Teams and organization
For scale and separation of concerns we recommend scaling a set of teams as adoption grows:
- Pipeline owners, responsible for maintenance of each pipeline and identified as owner in the catalog.
- Developer tools team is responsible for maintenance of common libraries and accelerators such as cdk8s-pipeline-lib.
- Catalog team is responsible for maintenance of the Backstage instance.
- Provisioning team is responsible for provisioning tools that interface with the catalog API and deploy the pipelines.
- Any of these ops teams in large organization should work with a centralized tools team to onboard to a centralized monitoring solution.
Testing and validation
All automation components should be continuously tested on a regular schedule. Any solutions that fail testing should be removed from availability and refer back to original authors for maintenance. Refer to the IBM Well-Architected framework for comprehensive testing scenarios.
Telemetry and monitoring
The system should collect telemetry and logs from the testing framework, the software catalog and deployment attempts. Baselines should be established and any out of baseline incidents.

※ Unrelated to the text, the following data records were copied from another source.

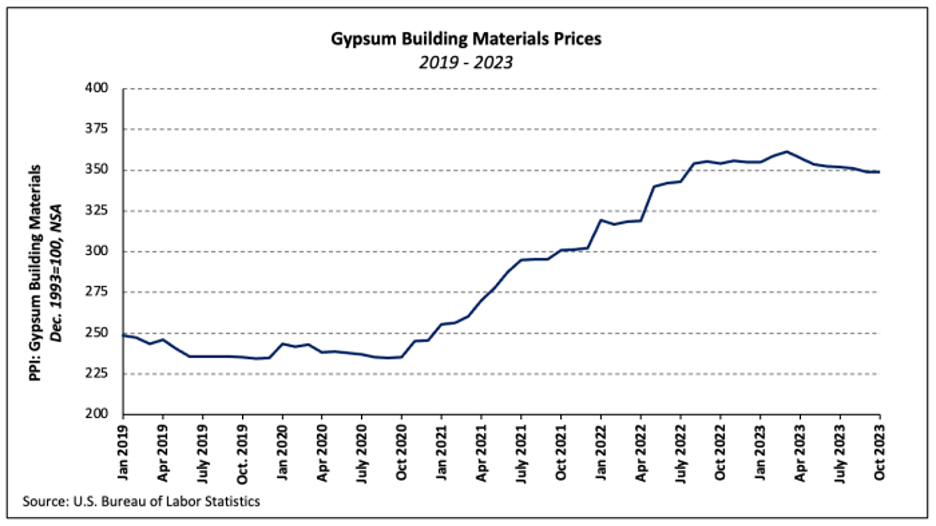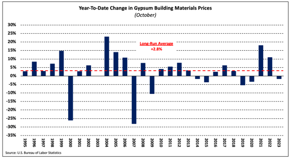 2023년 1월에서 10월까지 석고 건축 자재 지수는 1.6% 하락하였는데, 2022년과 2021년 같은 기간 동안의 지수는 각각 10.9%, 17.9%로 급등하였습니다. 10월의 전년 대비 상승은 1995년 이래 평균적으로 2.8% 이었습니다.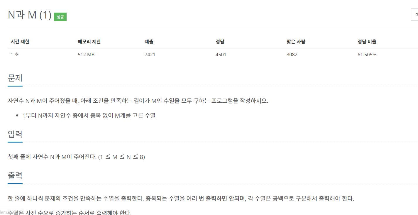 문제 설명 백트래킹과 관련된 기초 문제이다.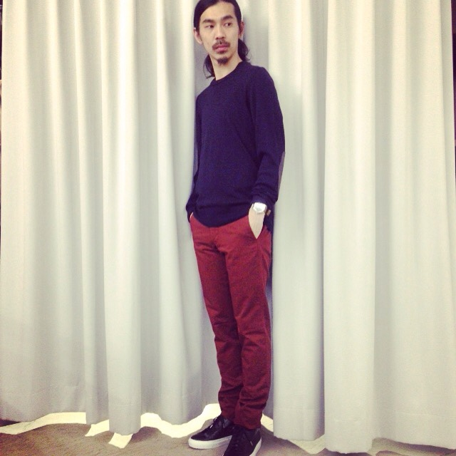生地の張りも良くシルエットはタイトなパンツはコードバンのカラーが新鮮です!ネイビーとのトップスで。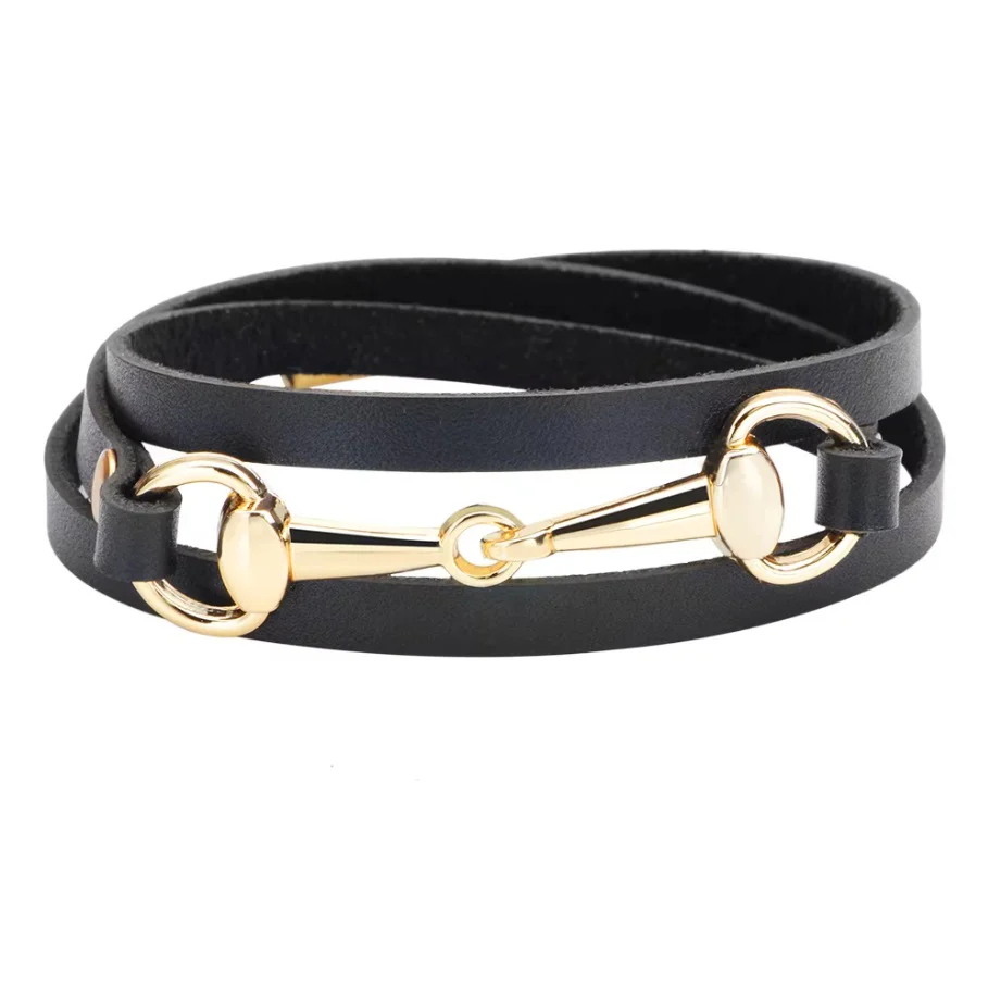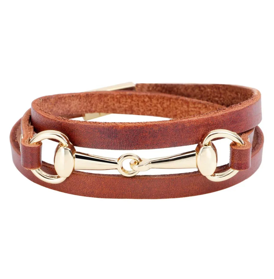 Bracelet en cuir multicouches avec mors de cheval pour un style à la fois moderne et élégant. Son design multicouches met en valeur un mors de cheval métallique, symbole d’élégance équestre et de caractère.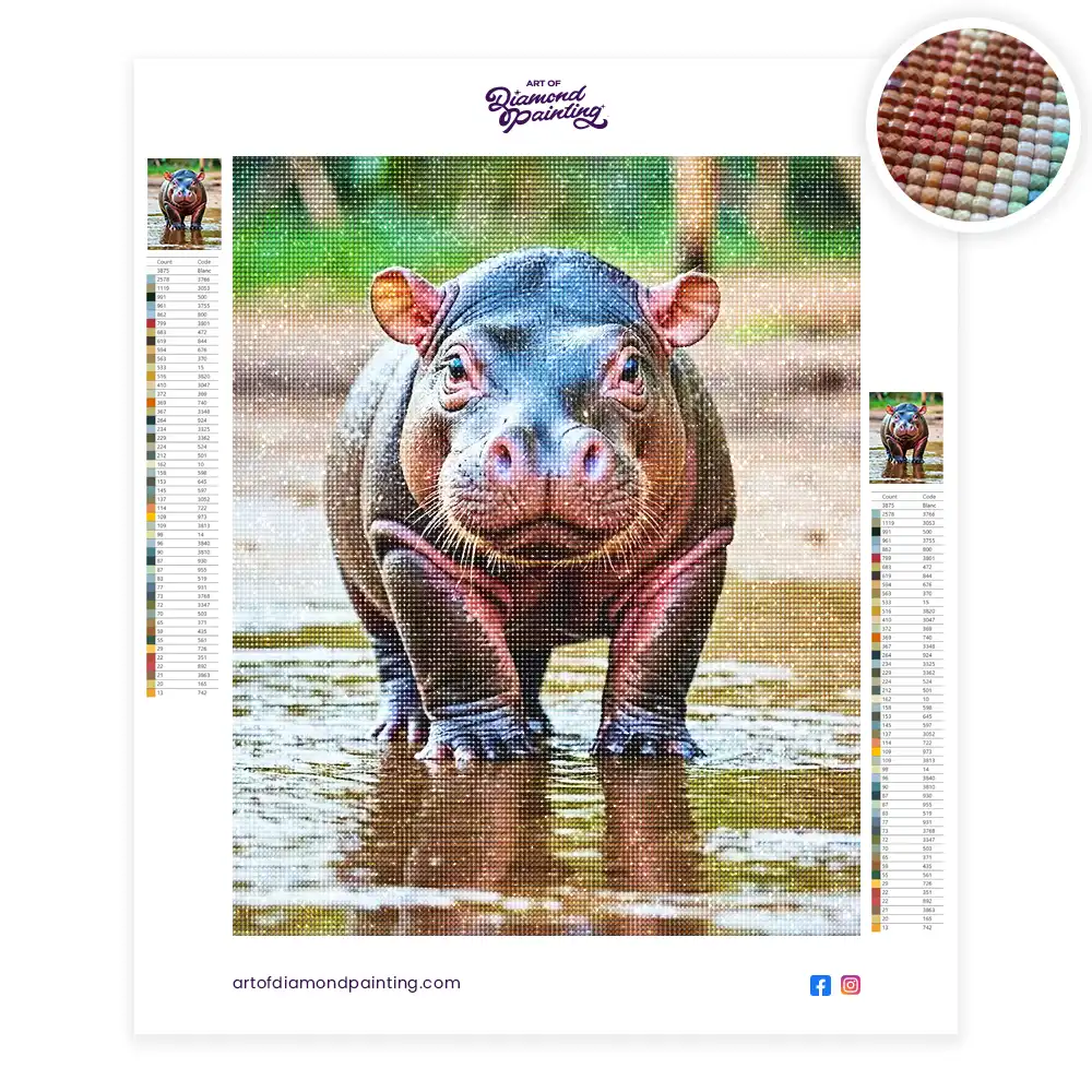 A baby pygmy hippo diamond painting is an awesome way to begin your painting journey. A journey full of colours that sometimes comes with lots of patience, passion, and planning. But, always with love. At the conclusion of each day, it provides a gratifying sensation that enhances your self-assurance as you realize your own accomplishments. So why delay any further? Simply make your purchase and begin today.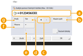 1 | Zadejte faxové číslo. ![]() Pole pro faxové čísloZadejte faxové číslo pomocí číselných tlačítek. Zadejte až podle potřeby. <Mazání zpět> Pomocí této volby můžete v poli pro faxové číslo ( ) po jednom mazat čísla nalevo od kurzoru.![]() /![]() Stiskněte, chcete-li přesunout kurzor v poli pro faxové číslo ( ) doleva nebo doprava. <Tón>Stisknutím tohoto tlačítka vložíte znak „T“ (tónová). I když používáte impulzní volbu, čísla následující po „T“ budou odeslána s použitím tónové volby. Tlačítko <R>Je-li zařízení připojeno k soukromé pobočkové ústředně (PBX – Private Branch Exchange), stiskněte toto tlačítko před zadáním místa určení. Není-li toto tlačítko k dispozici, je nutné uložit nastavení tlačítka R. <Nastavení tl. R> <Mezera>S pomocí tohoto tlačítka můžete mezi čísla zadat mezeru, aby jejich čtení bylo snadnější. <Prodl.>Stisknutím tohoto tlačítka vložíte znak „P“ (prodleva). Při odesílání faxu do zahraničí, vložte za mezinárodní přístupový kód nebo faxové číslo prodlevy. To napomůže zlepšení spojení. ![]() Na začátek čísla nemůžete vložit prodlevu. |
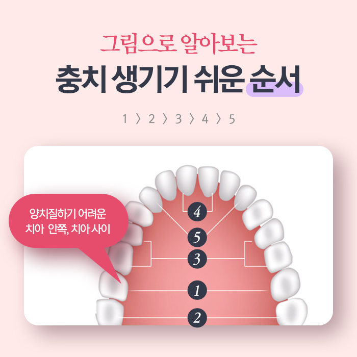 우선 물리적으로 입 안 가장 구석에 위치한 자연치까지 칫솔모가 골고루 도달하기 힘들고

These systems trigger alerts when SLIs deviate from acceptable ranges, allowing engineers or automated processes to respond quickly to address indicative signals.
IBM Technology Zone (TechZone) is the single destination for all of IBM's go-to-market teams and the IBM Business Partner ecosystem to provision and customize live demo environments.
OpenShift Pipelines is a Kubernetes-native CI/CD solution which builds on Tekton to provide a CI/CD experience through tight integration with OpenShift and Red Hat developer tools. OpenShift Pipelines is designed to run each step of the CI/CD pipeline in its own container, allowing each step to scale independently to meet the demands of the pipeline.
An enterprise-grade, open developer platform for building developer portals, containing a supported and opinionated framework. Red Hat Developer Hub helps reduce friction and frustration for engineering teams while boosting their productivity and increasing their organization's competitive advantages.